Einführung
1. Der Umfang der Akte zum Zeitpunkt der ersten Akteneinsicht ist ein wesentliches Indiz für den Aufwand bei der erstmaligen Einarbeitung in den Rechtsfall.
2. Ein Aktenumfang von zwölf Seiten ist als sehr gering einzustufen und führt zu einer die Mittelgebühr unterschreitenden Grundgebühr Nr. 5100 VV.
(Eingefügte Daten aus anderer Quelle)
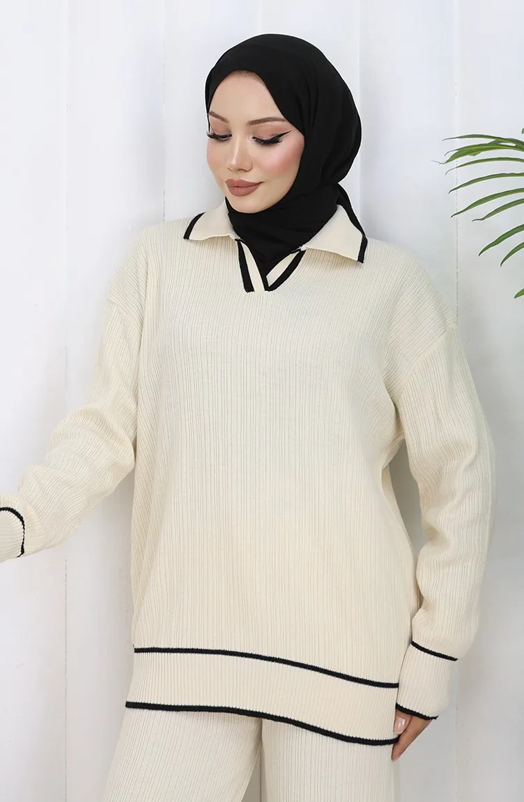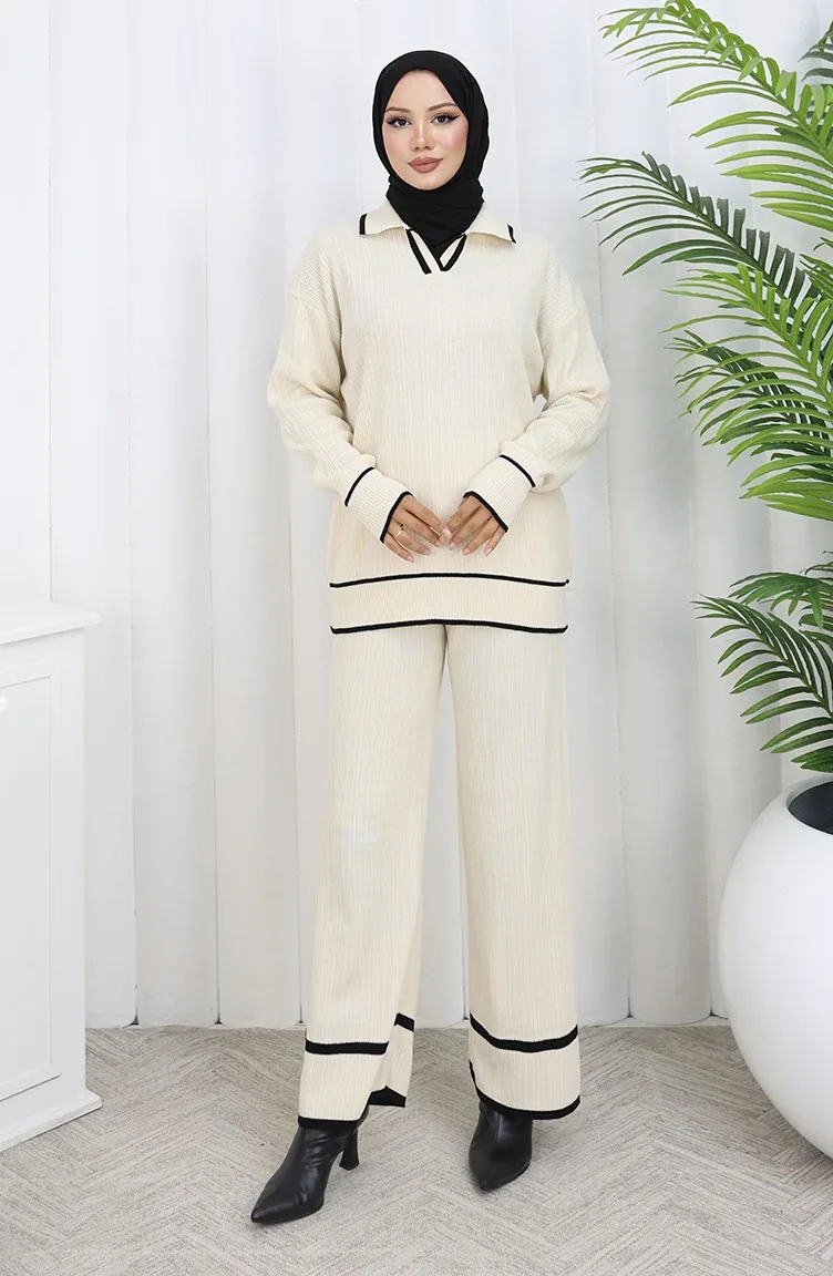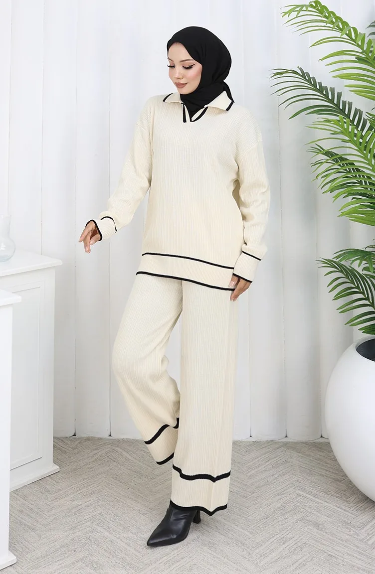 Knitwear Ribbed Sweater Trousers Two Piece Set 0010-07 Beige 0010-07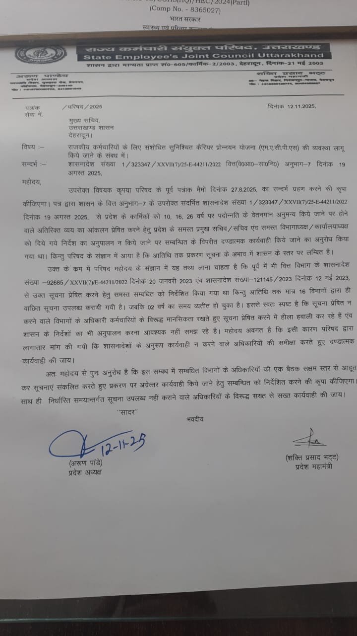 परिषद ने नाराजगी जताते हुए कहा कि वित्त अनुभाग-7 के 19 अगस्त 2025 के शासनादेश के बावजूद अब तक केवल 16 विभागों ने ही सूचना भेजी है, जबकि दो वर्ष से यह मामला लंबित है। परिषद प्रवक्ता आर.पी. जोशी ने बताया कि शासन द्वारा कई बार पत्र भेजे जाने के बावजूद संबंधित अधिकारी लापरवाही बरत रहे हैं, जिससे कार्मिकों का हित प्रभावित हो रहा है।

LG Düsseldorf, Beschl. v. 12.5.2017 – 61 Qs 5/17
I. Der Fall
Der vormals Betroffene hatte die Festsetzung der ihm im Bußgeldverfahren entstandenen Verteidigerkosten beantragt. Geltend gemacht hatte er eine Mittelgebühr i.H.v. 85,00 EUR. Anzuwenden war noch das RVG i.d.F. vor Inkrafttreten des 2. KostRMoG. Das Gericht hat die Grundgebühr herabgesetzt und lediglich 50,00 EUR berücksichtigt.
II. Entscheidung
Auszugehen ist grundsätzlich von der Mittelgebühr
Grundsätzlich ist auch im Falle einer durchschnittlichen Ordnungswidrigkeit hinsichtlich der Grundgebühr von der Mittelgebühr auszugehen. Im Einzelfall kann ein höherer oder niedrigerer Betrag angemessen sein. Im zugrundeliegenden Fall erachtet die Kammer den Ansatz einer Mittelgebühr allerdings für unangemessen.
Akteninhalt ist wesentliches Indiz für den Umfang
Wesentliches Indiz für den Aufwand der Einarbeitung in den Rechtsfall ist der Umfang der Akte, der zum damaligen Zeitpunkt lediglich zwölf Blatt betrug (einschließlich eines zweiseitigen Übersendungsschreibens). Der Aktenumfang war daher äußerst gering.
Studium der Bedienungsanleitung wird durch Verfahrensgebühr abgegolten
Die Tatsache, dass der Verteidiger auch Einsicht in die Bedienungsanleitung des Messgeräts begehrte, rechtfertigt keine andere Beurteilung. Die Bedienungsanleitung ist kein Aktenbestandteil und damit auch nicht Gegenstand der ersten Akteneinsicht. Soweit die Durchsicht der Bedienungsanleitung im Rahmen der weiteren Bearbeitung der Sache Aufwand erfordert hat, ist dies im Rahmen der Verfahrensgebühr zu berücksichtigen.
Die Bedeutung der Sache ist auch denkbar gering gewesen. Tatvorwurf war lediglich ein Geschwindigkeitsverstoß mit einer Geldbuße von 80,00 EUR gewesen. Auch die Tatsache der Eintragung eines Punkts im Verkehrszentralregister rechtfertigt keine abweichende Beurteilung.
III. Praxistipp
Grundgebühr deckt nur die erstmalige Einarbeitung ab
Die Grundgebühr entsteht für die erstmalige Einarbeitung in den Rechtsfall (Anm. Abs. 1 zu Nr. 5100 VV). Sie gilt also lediglich die erste Entgegennahme der Information und Sichtung des Sachverhalts und Verfahrensstoffes – je nach Zeitpunkt auch die Akteneinsicht – ab. Alle weiteren Tätigkeiten werden durch die übrigen Gebühren abgegolten.
Rahmengebühr
Die Grundgebühr beläuft sich in Bußgeldverfahren für den Wahlanwalt auf 30,00 EUR bis 170,00 EUR. Die Mittelgebühr beträgt 100,00 EUR. Nach der hier noch anzuwendenden Fassung des RVG bis zum 31.7.2013 (§ 60 RVG) betrug der Rahmen 20,00 EUR bis 150,00 EUR. Die Mittelgebühr belief sich auf 85,00 EUR.
Höhe der Grundgebühr richtet sich nach § 14 RVG
Auch die Grundgebühr unterliegt den Kriterien des § 14 Abs. 1 RVG. Es gelten die gesamten Kriterien des § 14 Abs. 1 RVG. Hier wird man in der Tat dem Umfang der Akten eine entscheidende Bedeutung beimessen, da die Einarbeitung wesentlich vom bisherigen Akteninhalt abhängt. Schwierigkeiten können sich aber auch bereits bei der Einarbeitung ergeben. Diese müssten dann im Rahmen der Begründung der konkreten Gebühr vorgetragen werden.